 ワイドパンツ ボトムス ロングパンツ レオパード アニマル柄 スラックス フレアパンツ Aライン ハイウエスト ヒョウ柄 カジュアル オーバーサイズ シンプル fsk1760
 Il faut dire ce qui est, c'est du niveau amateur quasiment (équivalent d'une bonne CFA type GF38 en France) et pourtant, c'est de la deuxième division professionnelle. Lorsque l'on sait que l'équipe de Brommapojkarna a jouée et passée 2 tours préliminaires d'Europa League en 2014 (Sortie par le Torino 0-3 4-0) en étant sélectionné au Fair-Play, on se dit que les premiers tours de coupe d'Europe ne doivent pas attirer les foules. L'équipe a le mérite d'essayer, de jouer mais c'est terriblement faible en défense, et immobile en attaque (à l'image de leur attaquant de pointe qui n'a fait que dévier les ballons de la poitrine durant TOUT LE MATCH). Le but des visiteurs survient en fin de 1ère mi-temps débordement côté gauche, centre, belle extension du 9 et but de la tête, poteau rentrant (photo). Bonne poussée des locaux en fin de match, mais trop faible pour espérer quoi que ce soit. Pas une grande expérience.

★ ★ ★ ★ ★ ★ ★

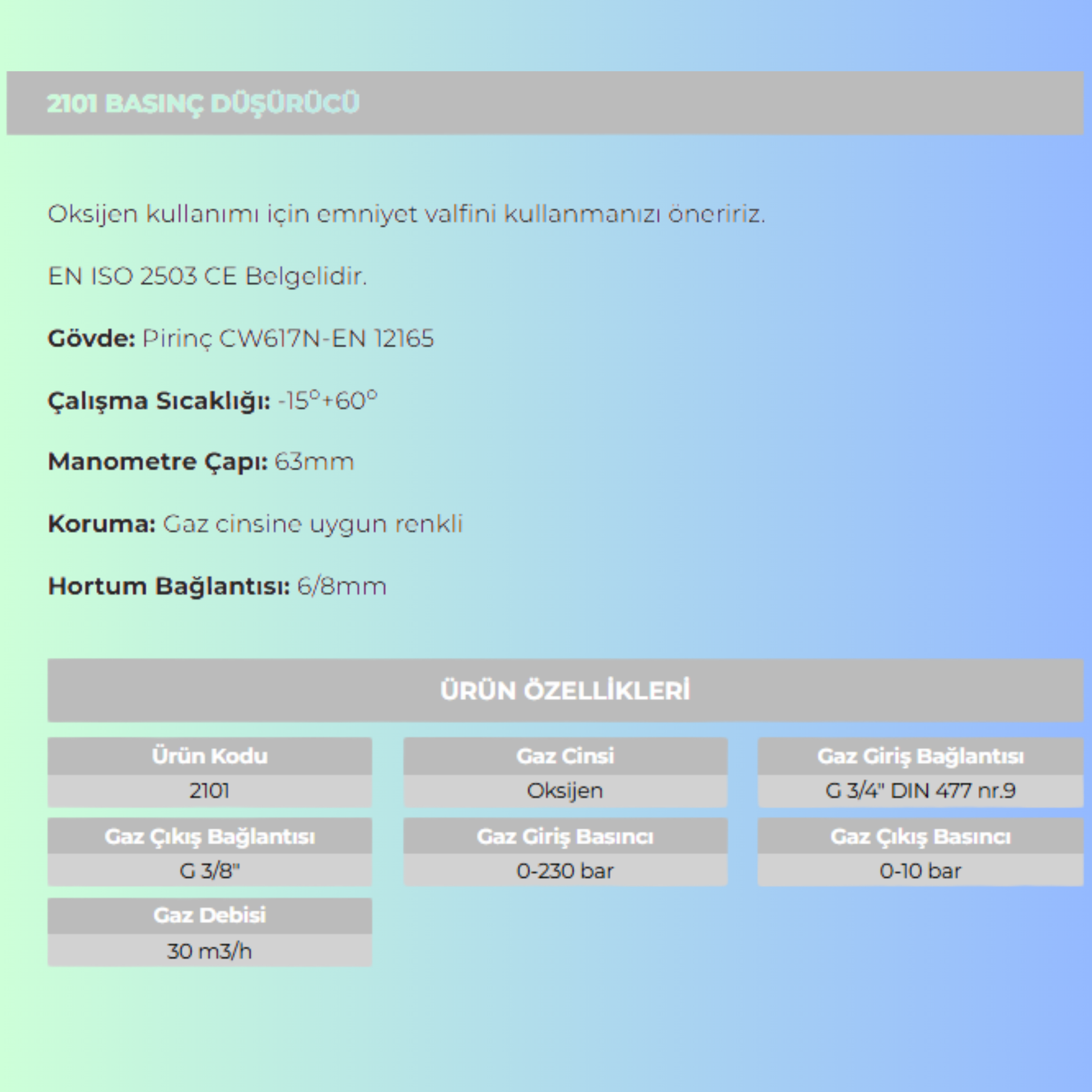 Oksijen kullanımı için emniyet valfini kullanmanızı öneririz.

★ ★ ★ ★ ★ ★ ★

#### INSTRUCTIONS FOR THE TASK
Would you print, exactly as written, every line above from the one holding "ワイドパンツ ボトムス ロングパンツ" through the one holding "Il faut dire", with both included and no other lines?

#### SOLUTION TO THE EXERCISE
 ワイドパンツ ボトムス ロングパンツ レオパード アニマル柄 スラックス フレアパンツ Aライン ハイウエスト ヒョウ柄 カジュアル オーバーサイズ シンプル fsk1760
 Il faut dire ce qui est, c'est du niveau amateur quasiment (équivalent d'une bonne CFA type GF38 en France) et pourtant, c'est de la deuxième division professionnelle. Lorsque l'on sait que l'équipe de Brommapojkarna a jouée et passée 2 tours préliminaires d'Europa League en 2014 (Sortie par le Torino 0-3 4-0) en étant sélectionné au Fair-Play, on se dit que les premiers tours de coupe d'Europe ne doivent pas attirer les foules. L'équipe a le mérite d'essayer, de jouer mais c'est terriblement faible en défense, et immobile en attaque (à l'image de leur attaquant de pointe qui n'a fait que dévier les ballons de la poitrine durant TOUT LE MATCH). Le but des visiteurs survient en fin de 1ère mi-temps débordement côté gauche, centre, belle extension du 9 et but de la tête, poteau rentrant (photo). Bonne poussée des locaux en fin de match, mais trop faible pour espérer quoi que ce soit. Pas une grande expérience.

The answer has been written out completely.